- **Work instruction**: Set down, exactly and with no pictures, the line that contains "小區(qū)保安先把小貓頭鷹裝進籠子,等待動保所的工作人員到來。" and all lines after it in the listing.

- **Information shown**:

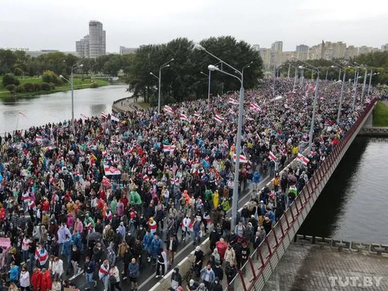 В акції протесту проти фальсифікації виборів президента в Мінську 27-го вересня бере участь близько 100 тисяч осіб, десятки людей затримано. Про це повідомляють: білоруська служба Радіо Свобода, TUT.BY, Весна, Інтерфакс, пише Українська права. Радіо Свобода й Інтерфакс повідомляють, що в мітингу в
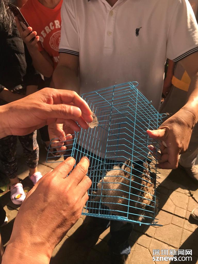 小區(qū)保安先把小貓頭鷹裝進籠子,等待動保所的工作人員到來。
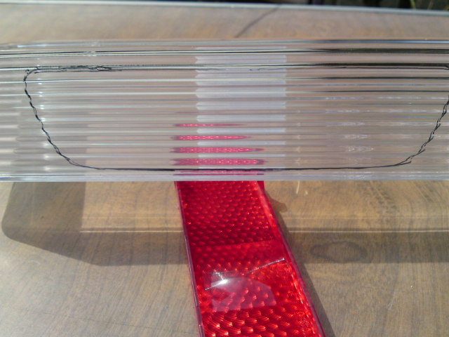 先日ハンダのやり直しをしたモビリオのハイマウントストップランプLEDバージョン(笑)ですが、純正の赤レンズを通すとどうしても暗くなってしまうのでレンズを自作しました。
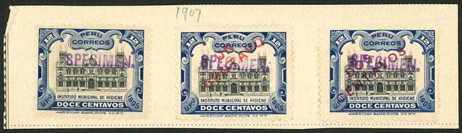 Sc.165/167, 1905 Institute of Hygiene 12c. + overprinted values of 1c. and 2c., the 3 overprinted SPECIMEN by the post office of Natal after receiving them from the UPU as samples, extremely rare and unique. NOTE: The Natal post office mounted on album pages the stamps it received from the UPU and applied these manual overprints to all of them. Each stamp bearing this overprint is therefore unique and unrepeatable. (Image)

- **Expected answer**:
 小區(qū)保安先把小貓頭鷹裝進籠子,等待動保所的工作人員到來。
 先日ハンダのやり直しをしたモビリオのハイマウントストップランプLEDバージョン(笑)ですが、純正の赤レンズを通すとどうしても暗くなってしまうのでレンズを自作しました。
 Sc.165/167, 1905 Institute of Hygiene 12c. + overprinted values of 1c. and 2c., the 3 overprinted SPECIMEN by the post office of Natal after receiving them from the UPU as samples, extremely rare and unique. NOTE: The Natal post office mounted on album pages the stamps it received from the UPU and applied these manual overprints to all of them. Each stamp bearing this overprint is therefore unique and unrepeatable. (Image)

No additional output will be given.